((

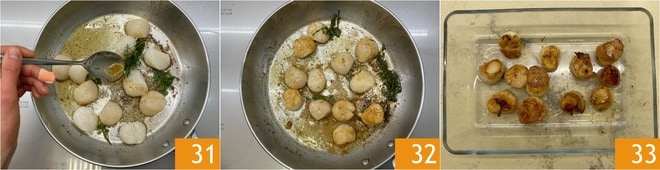 Poursuivez la cuisson en nappant les coquilles Saint-Jacques avec le beurre fondu, qui recueillera la saveur des herbes aromatiques et du fond de cuisson 31. Faites cuire les coquilles Saint-Jacques seulement d'un côté et, lorsqu'elles sont bien colorées 32, retirez-les de la poêle 33.
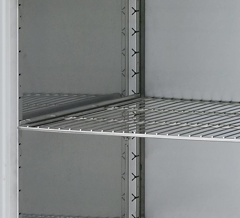- Equipements en standard : Porte standard à gauche ou à droite, avec serrure, porte à fermeture automatique, ouvre-porte à pédale, 5 étagères grillagées en inox
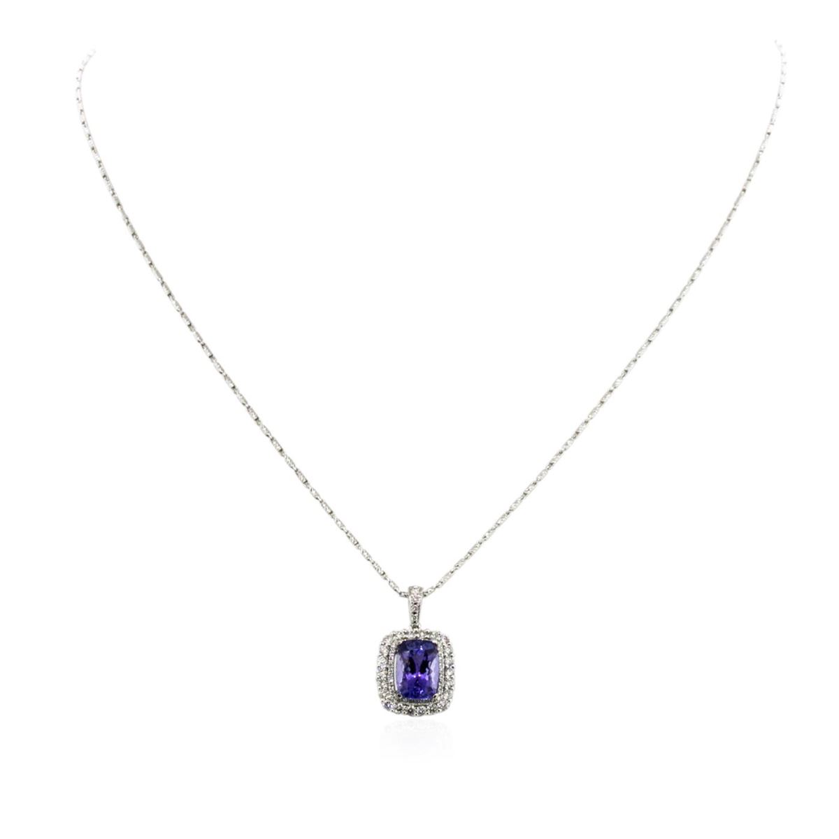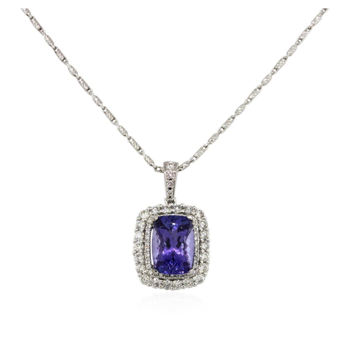 One electronically tested 18KT White Gold ladies cast tanzanite and diamond pendant with chain. The pendant features a tanzanite set within two tiered diamond bezels, completed by a diamond set bail. The pendant is supported by an eighteen inch length 14KT White Gold designer style chain, terminating in a lobster claw clasp. Bright polish finish. Identified with markings of "18K 750". Condition is new, good workmanship. Containing: One prong set rectangular cushion brilliant cut natural tanzanite, measuring 10.30 x 7.25 x 5.65mm, 8% bulge factor, approximate weight of 3.59ct., clarity is eye clean, type I, dark, very slightly grayish, bluish violet color, (GIA bV 7/3), cut is good. Transmitting light with no distortion, transparent. Graded in the setting. Tanzanite is a very rare gemstone that is only found in the country of Tanzania. Originally discovered in 1967. Tiffany & Company, named the stone Tanzanite. It is found in the Usumburu Mountains that border the Umba Valley of northern Tanzania. Tanzanite occurs in gray, brown, violet, blue, reddish-purple, & green. The gem is interesting because of its exceptional pleochroism. Rotated in different directions a tanzanite will exhibit multiple changes of color. Tanzanite has a low tolerance to ultrasonic cleaning, and should not be cleaned using this method. Twenty-Six prong set round brilliant cut diamonds, measuring 1.90 - 1.80 x 1.11mm (depth est.) approximate total weight of 26 Stones = 0.70ct. Graded in the setting. Clarity: VS-2 to SI-2. Color: G - I Thirty-Four prong set round brilliant cut diamonds, measuring 1.00 - 0.90 x 0.57mm (depth est.) approximate total weight of 34 Stones = 0.20ct. Graded in the setting. Clarity: VS-1 to SI-1. Color: G - I. Total Weight of Colored Stones 3.59ct. Total Weight of Diamonds 0.90ct. Total Weight of Pendant With Chain 6.27 grams. AIG Appraised at $13,310.00.
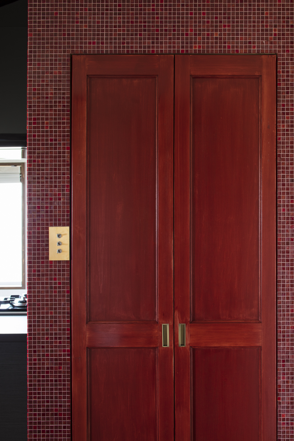 中でも印象的な赤のベネチアンガラスタイル。色選びに多くのサンプルを取り寄せ、打ち合わせを重ねて一番印象的な赤をセレクト。
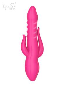 Triple Stimulation Vibrator, B0012, bending beads design, 3 rows of vertical beads inside the shaft, 8 rotating modes.
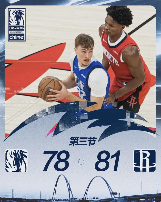 弗拉格第三节没得分,加福德没有大碍,第四节重新登场。两队频频失误,末节陷入混战。杜兰特两记三分进账,华盛顿反击隔扣2+1,最后4分钟独行侠追平了!独行侠不让杜兰特轻易接球,申京接管火箭进攻,最后1分半领先3分。
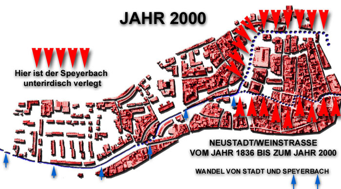 Anhand dieser Karte wird exemplarisch gezeigt, wie dramatisch der Bach aus dem Stadtbild verschwunden ist. Digitale Bearbeitung der Karte vom Autor.
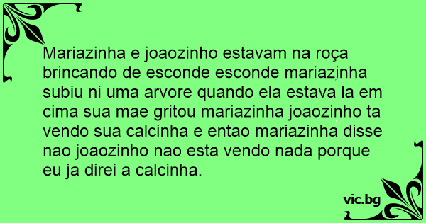 Mariazinha e joaozinho estavam na roça brincando de esconde esconde mariazinha subiu ni uma arvore quando ela estava la em cima sua mae gritou mariazinha joaozinho ta vendo sua calcinha e entao mariazinha disse nao joaozinho nao esta vendo nada porque eu ja direi a calcinha.
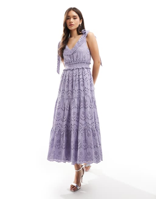 Maya - Vestito midi in pizzo lavanda polvere con spalline sottili e scollo a V
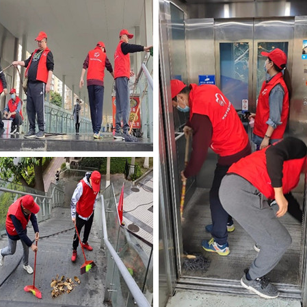 在学校第一教学楼、图书馆、分测中心、秀园、万达广场人行过街天桥等区域,队员们有的清扫落叶,有的清理沟渠,有的清除牛皮癣,有的打捞喷泉池杂物,有的擦拭电梯、扶手,有的检查维修直饮水机等公共设施,有的装运垃圾,干得热火朝天、不亦乐乎。在大家的共同努力下,沟渠、路面、轿厢、池水等很快被清扫擦拭清理干净,焕然一新。劳动现场那一抹抹红色马甲和帽子俨然成为自律后勤一道靓丽的风景线,过往师生和市民纷纷竖起大拇指。
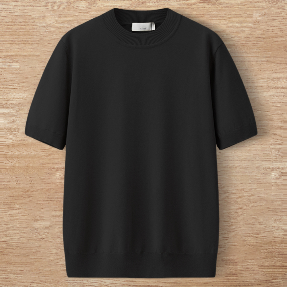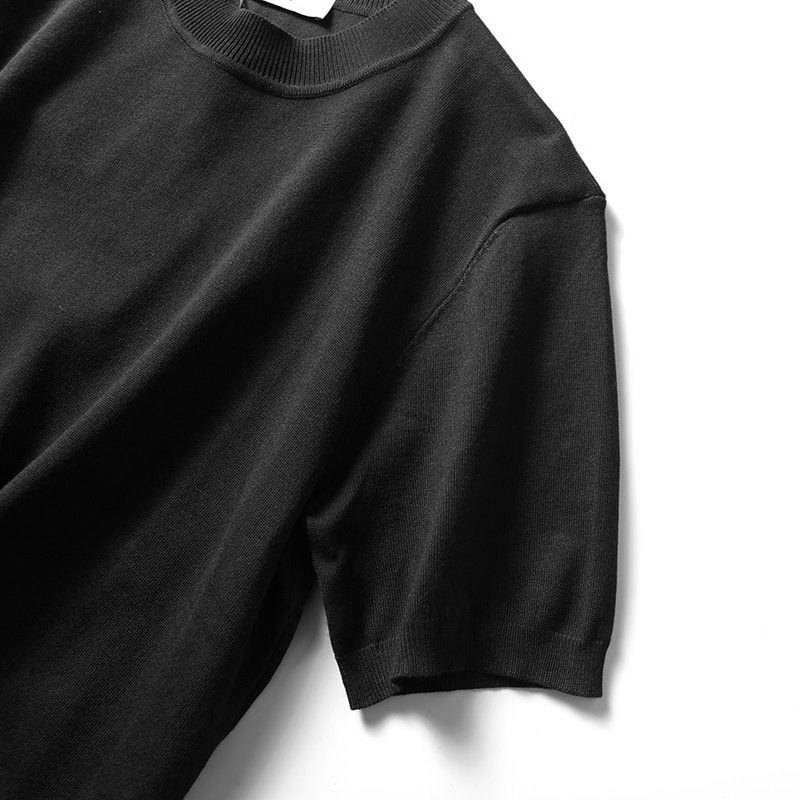 W1732-XL 新品 テンセル混 サマー ニット 接触冷感 柔らかい 伸縮性 半袖 Tシャツ メンズ プルオーバー 春夏 盛夏 丸首 クルーネック ハイゲージ カットソー ブラック
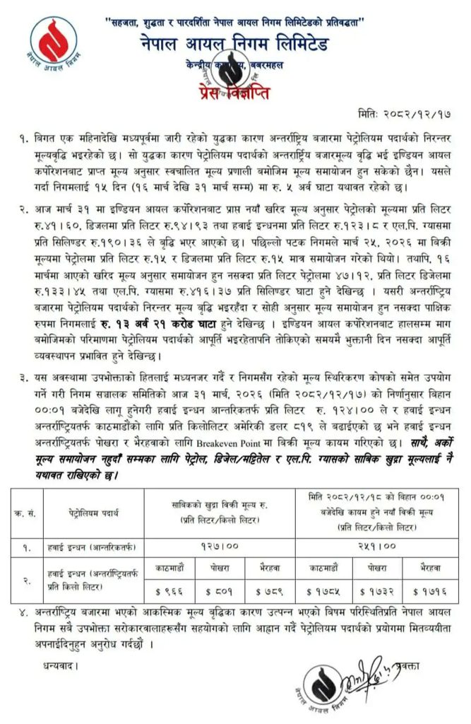 नयाँ दरअनुसार पेट्रोल प्रतिलिटर ४१ रुपैयाँ र डिजेल प्रतिलिटर ९४ रुपैयाँसम्म महँगो भएर आएको छ । विशेषगरी डिजेलमा देखिएको यो वृद्धि पछिल्ला समयकै उच्चमध्ये एक मानिएको छ भने पेट्रोलको मूल्य पनि उल्लेखनीय रूपमा बढेको छ ।

))

Please ensure that the data above is repeated exactly, with no pictures in the copy.

 Poursuivez la cuisson en nappant les coquilles Saint-Jacques avec le beurre fondu, qui recueillera la saveur des herbes aromatiques et du fond de cuisson 31. Faites cuire les coquilles Saint-Jacques seulement d'un côté et, lorsqu'elles sont bien colorées 32, retirez-les de la poêle 33.
- Equipements en standard : Porte standard à gauche ou à droite, avec serrure, porte à fermeture automatique, ouvre-porte à pédale, 5 étagères grillagées en inox
 One electronically tested 18KT White Gold ladies cast tanzanite and diamond pendant with chain. The pendant features a tanzanite set within two tiered diamond bezels, completed by a diamond set bail. The pendant is supported by an eighteen inch length 14KT White Gold designer style chain, terminating in a lobster claw clasp. Bright polish finish. Identified with markings of "18K 750". Condition is new, good workmanship. Containing: One prong set rectangular cushion brilliant cut natural tanzanite, measuring 10.30 x 7.25 x 5.65mm, 8% bulge factor, approximate weight of 3.59ct., clarity is eye clean, type I, dark, very slightly grayish, bluish violet color, (GIA bV 7/3), cut is good. Transmitting light with no distortion, transparent. Graded in the setting. Tanzanite is a very rare gemstone that is only found in the country of Tanzania. Originally discovered in 1967. Tiffany & Company, named the stone Tanzanite. It is found in the Usumburu Mountains that border the Umba Valley of northern Tanzania. Tanzanite occurs in gray, brown, violet, blue, reddish-purple, & green. The gem is interesting because of its exceptional pleochroism. Rotated in different directions a tanzanite will exhibit multiple changes of color. Tanzanite has a low tolerance to ultrasonic cleaning, and should not be cleaned using this method. Twenty-Six prong set round brilliant cut diamonds, measuring 1.90 - 1.80 x 1.11mm (depth est.) approximate total weight of 26 Stones = 0.70ct. Graded in the setting. Clarity: VS-2 to SI-2. Color: G - I Thirty-Four prong set round brilliant cut diamonds, measuring 1.00 - 0.90 x 0.57mm (depth est.) approximate total weight of 34 Stones = 0.20ct. Graded in the setting. Clarity: VS-1 to SI-1. Color: G - I. Total Weight of Colored Stones 3.59ct. Total Weight of Diamonds 0.90ct. Total Weight of Pendant With Chain 6.27 grams. AIG Appraised at $13,310.00.
 中でも印象的な赤のベネチアンガラスタイル。色選びに多くのサンプルを取り寄せ、打ち合わせを重ねて一番印象的な赤をセレクト。
 Triple Stimulation Vibrator, B0012, bending beads design, 3 rows of vertical beads inside the shaft, 8 rotating modes.
 弗拉格第三节没得分,加福德没有大碍,第四节重新登场。两队频频失误,末节陷入混战。杜兰特两记三分进账,华盛顿反击隔扣2+1,最后4分钟独行侠追平了!独行侠不让杜兰特轻易接球,申京接管火箭进攻,最后1分半领先3分。
 Anhand dieser Karte wird exemplarisch gezeigt, wie dramatisch der Bach aus dem Stadtbild verschwunden ist. Digitale Bearbeitung der Karte vom Autor.
 Mariazinha e joaozinho estavam na roça brincando de esconde esconde mariazinha subiu ni uma arvore quando ela estava la em cima sua mae gritou mariazinha joaozinho ta vendo sua calcinha e entao mariazinha disse nao joaozinho nao esta vendo nada porque eu ja direi a calcinha.
 Maya - Vestito midi in pizzo lavanda polvere con spalline sottili e scollo a V
 在学校第一教学楼、图书馆、分测中心、秀园、万达广场人行过街天桥等区域,队员们有的清扫落叶,有的清理沟渠,有的清除牛皮癣,有的打捞喷泉池杂物,有的擦拭电梯、扶手,有的检查维修直饮水机等公共设施,有的装运垃圾,干得热火朝天、不亦乐乎。在大家的共同努力下,沟渠、路面、轿厢、池水等很快被清扫擦拭清理干净,焕然一新。劳动现场那一抹抹红色马甲和帽子俨然成为自律后勤一道靓丽的风景线,过往师生和市民纷纷竖起大拇指。
 W1732-XL 新品 テンセル混 サマー ニット 接触冷感 柔らかい 伸縮性 半袖 Tシャツ メンズ プルオーバー 春夏 盛夏 丸首 クルーネック ハイゲージ カットソー ブラック
 नयाँ दरअनुसार पेट्रोल प्रतिलिटर ४१ रुपैयाँ र डिजेल प्रतिलिटर ९४ रुपैयाँसम्म महँगो भएर आएको छ । विशेषगरी डिजेलमा देखिएको यो वृद्धि पछिल्ला समयकै उच्चमध्ये एक मानिएको छ भने पेट्रोलको मूल्य पनि उल्लेखनीय रूपमा बढेको छ ।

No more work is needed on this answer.